WASHINGTON (Reuters) - Scrapping the U.S.-South Korean trade agreement would be a rash mistake, the U.S. Chamber of Commerce said on Tuesday, ahead of a first meeting this week between U.S. President Donald Trump and new South Korean President Moon Jae-in.
In an interview with Reuters in April, Trump called the five-year-old KORUS trade pact “horrible” and “unacceptable” and said he would either renegotiate or terminate it.
U.S. Chamber of Commerce executive vice president Myron Brilliant said U.S. exports to South Korea had not risen as much as expected and the U.S. trade deficit had grown, but these we not reasons to end the agreement.

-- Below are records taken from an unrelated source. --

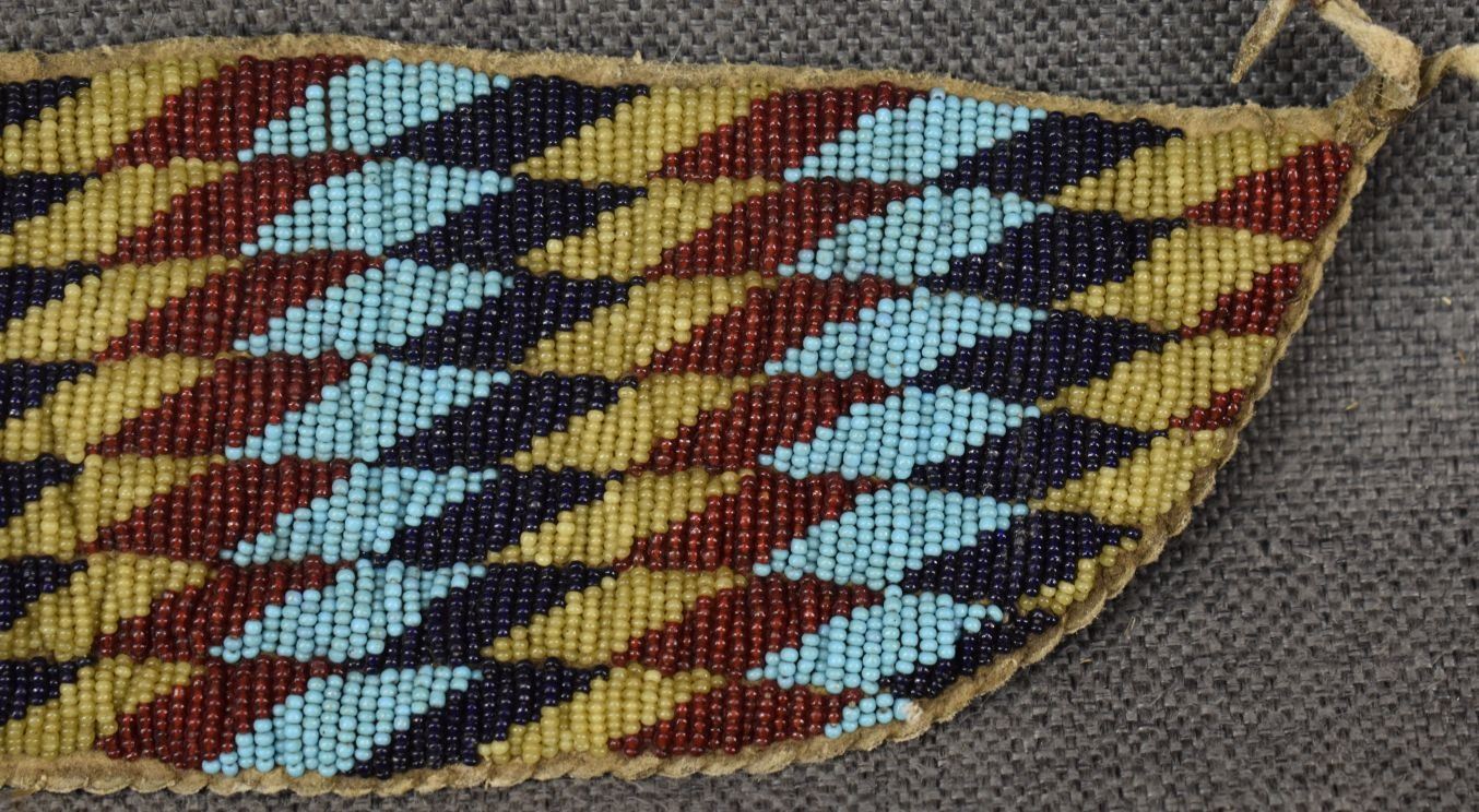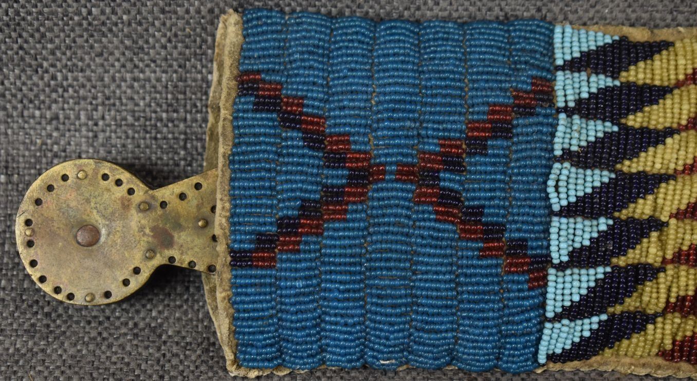 1900's Plains. Sinew sewn beaded design knife sheath 10'' x 3.5'' and dag knife 12'' long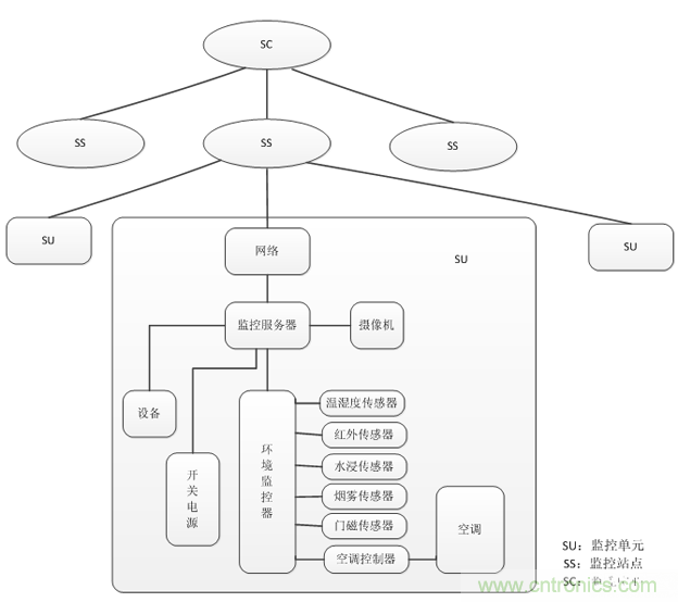動力環節監測系統應用在機房、基部站等無人值守的環境中,對局站內的通訊電源、蓄電池組、UPS、發電機、空調等智能、非智能設備以及溫濕度、煙霧、地水、門禁等環境量實現“遙測、遙信、遙控、遙調”等功能。為了實現對多個量的監測,動環系統集成了各種類的傳感器,是多傳感器集成系統傳感器“多類型”的一個經典案例。同時,此監控系統充分利用了通訊傳輸設備所能提供的各種傳輸信道資源,可以實現多級網管,能夠對所有局站的全參數、全方位的監控,這又很好體現了多傳感器集成系統傳感器“多數量”的一面。動環監測系統的組成如下: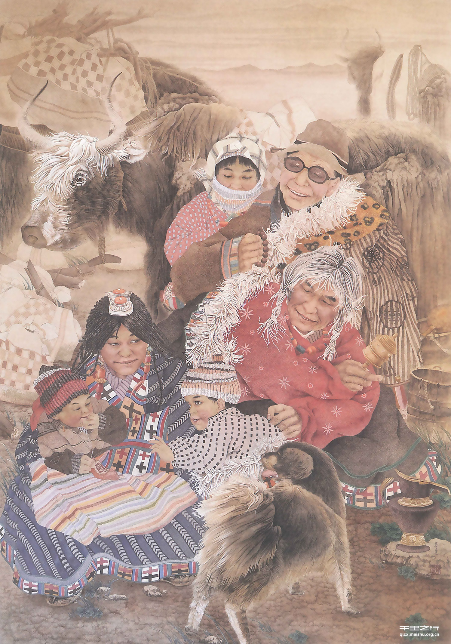 这是一幅以传统藏族普通家庭生活为题材的场景工笔画,内容丰富,人物形象生动,题材新颖,并具有浓厚的藏家生活气息,通过对人物形象和宗教信仰的刻画,体现出藏家生活的勤劳、朴实以及对美好生活的向往。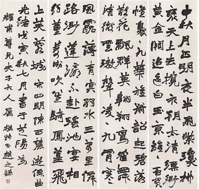 《中秋诗四屏》为行书,方圆笔法并用,以帖的圆融笔法为主,兼入碑的方切用笔,形成了圆中带方的用笔特点。作者下笔时饱蘸浓墨,达到了沉重酣畅的书写效果;行笔时一改帖学瘦劲、清秀、流美的手法,少提笔,多铺毫。行笔速度舒缓,通篇尖笔极少,基本以藏锋为主,线条紧致,浑厚又富有韧性。为了突出浑厚的特点,赵之谦践行了邓石如“疏可走马,密不透风,计白当黑,奇趣乃出”的理论,书写过程中兼用枯笔,以丰富墨色变化,表现书写节奏的跌宕起伏。《中秋诗四屏》还有一个颇具特色的笔法处理方式:为了体现横势,有意将线条横向撑开,在长线的行笔中,如捺笔,一波三折或用圆笔进行书写。

“Such a rash move would be a mistake,” Brilliant said in an op-ed article published on Tuesday, a day before Moon is due in Washington. Moon will speak at the chamber on Wednesday evening.
Brilliant said services exports to South Korea had jumped 25 percent to more than $21 billion annually, while merchandise trade numbers were also “moving in the right direction.”
With more South Korean tariffs set for elimination over the next few years, U.S. exports would be even more competitive.
In addition, Brilliant wrote, KORUS put American exporters on a level playing field against competitors from Europe, China and Australia, which also have free trade agreements with Seoul.
“Without KORUS, U.S. exports of agricultural and manufactured products, as well as services, would likely have fallen substantially over the past five years,” he said.
Brilliant said that to the extent KORUS had fallen short, it was in enforcement. He said Trump and Moon, who will meet on Thursday and Friday, should use their summit “to recommit to full compliance with both the letter and spirit” of the deal.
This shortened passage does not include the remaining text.